— Aim of the task —
Without the pictures, write out all the lines below exactly as they appear.
= Beginning of Section =
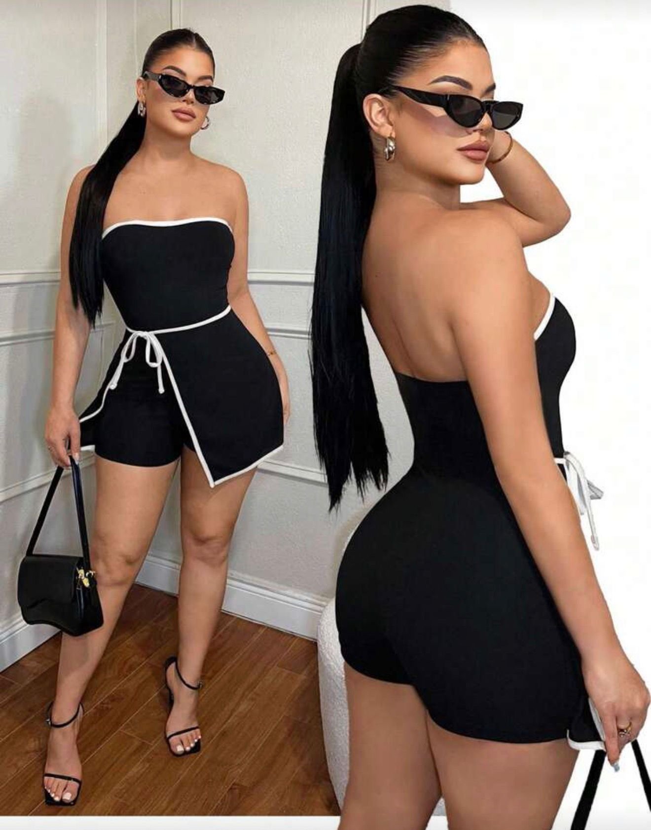 Este hermoso enterizo elegante bicolor con lazo en la cintura es una prenda moderna y versátil, ideal para mujeres que buscan un look sofisticado sin perder comodidad.
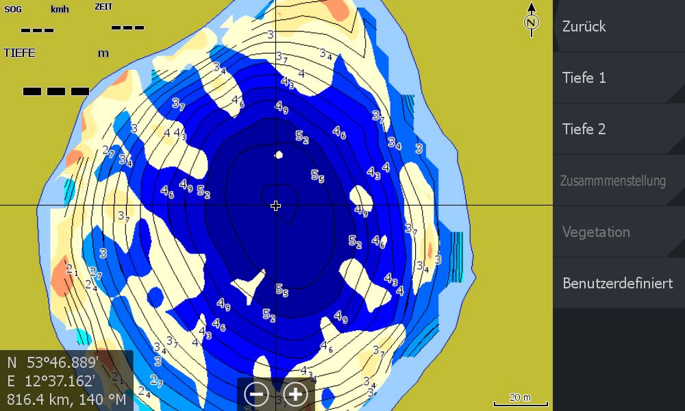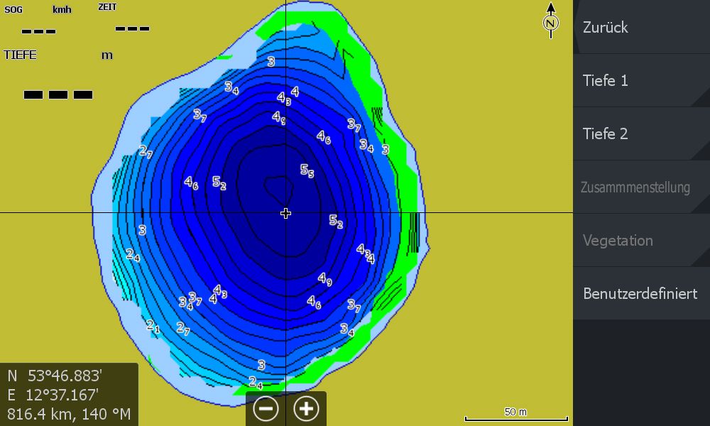 Gerne würde ich noch Karten für die Bodenhärte und Vegetation erstellen und abrufbereit auf dem Gerät haben. Transparenz funnktioniert nach meinem Wissen derzeit nicht für Elite Chirp Echolote. Also muss ich wohl eine zweite Karte auf der Speicherkarte hinterlegen.
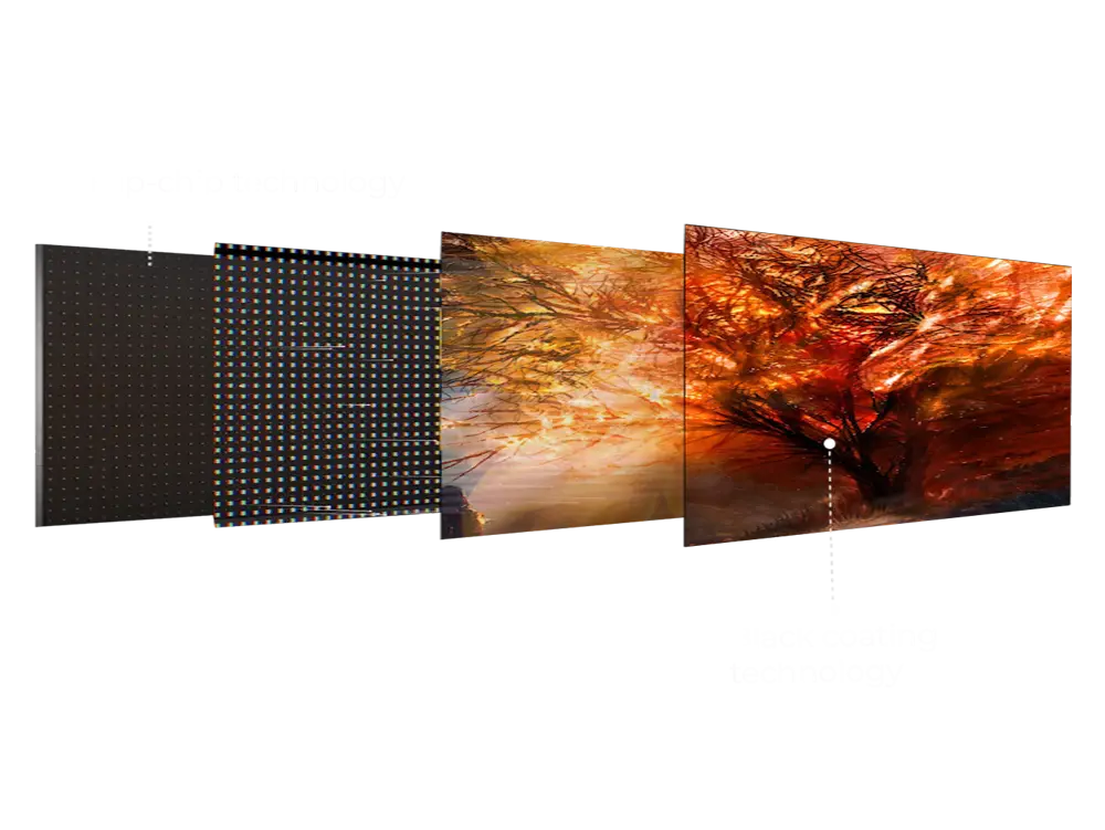 Full-Flip-Chip-on-Board (COB) LED Display Technology,Available in Pixel Pitch: 0.62mm/0.78mm/0.93/1.25mm/ 1.56mm/ 1.875mm, Brightness:1,000nits(3,500nits options),16:9 cabinet in 600x337.5x17.5,cabinet is 4.5KG only
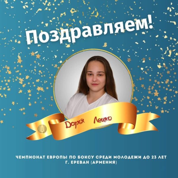 🔥🥇Лецко Дарья в весовой категории до 70 кг стала чемпионкой Европы по боксу среди молодежи до 23 лет в г. Ереване (Армения). 🥊 В финале наша спортсменка одержала победу над сербкой Анастасией Боскович со счетом 5-0
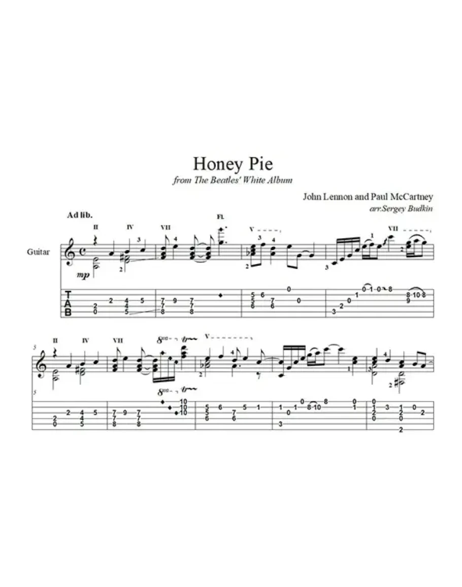 Аранжировка для гитары соло песни Пола МакКартни "Медовый пирог (Honey Pie)" из альбома "White Album" в исполнении группы "The Beatles".
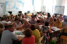 Первая часть педсовета прошла в форме групповой работы по методу фасилитации, в ходе которой были проанализированы плюсы и минусы работы коллектива в прошедшем учебном году.
= End of Section =
— Answer to this task —
 Este hermoso enterizo elegante bicolor con lazo en la cintura es una prenda moderna y versátil, ideal para mujeres que buscan un look sofisticado sin perder comodidad.
 Gerne würde ich noch Karten für die Bodenhärte und Vegetation erstellen und abrufbereit auf dem Gerät haben. Transparenz funnktioniert nach meinem Wissen derzeit nicht für Elite Chirp Echolote. Also muss ich wohl eine zweite Karte auf der Speicherkarte hinterlegen.
 Full-Flip-Chip-on-Board (COB) LED Display Technology,Available in Pixel Pitch: 0.62mm/0.78mm/0.93/1.25mm/ 1.56mm/ 1.875mm, Brightness:1,000nits(3,500nits options),16:9 cabinet in 600x337.5x17.5,cabinet is 4.5KG only
 🔥🥇Лецко Дарья в весовой категории до 70 кг стала чемпионкой Европы по боксу среди молодежи до 23 лет в г. Ереване (Армения). 🥊 В финале наша спортсменка одержала победу над сербкой Анастасией Боскович со счетом 5-0
 Аранжировка для гитары соло песни Пола МакКартни "Медовый пирог (Honey Pie)" из альбома "White Album" в исполнении группы "The Beatles".
 Первая часть педсовета прошла в форме групповой работы по методу фасилитации, в ходе которой были проанализированы плюсы и минусы работы коллектива в прошедшем учебном году.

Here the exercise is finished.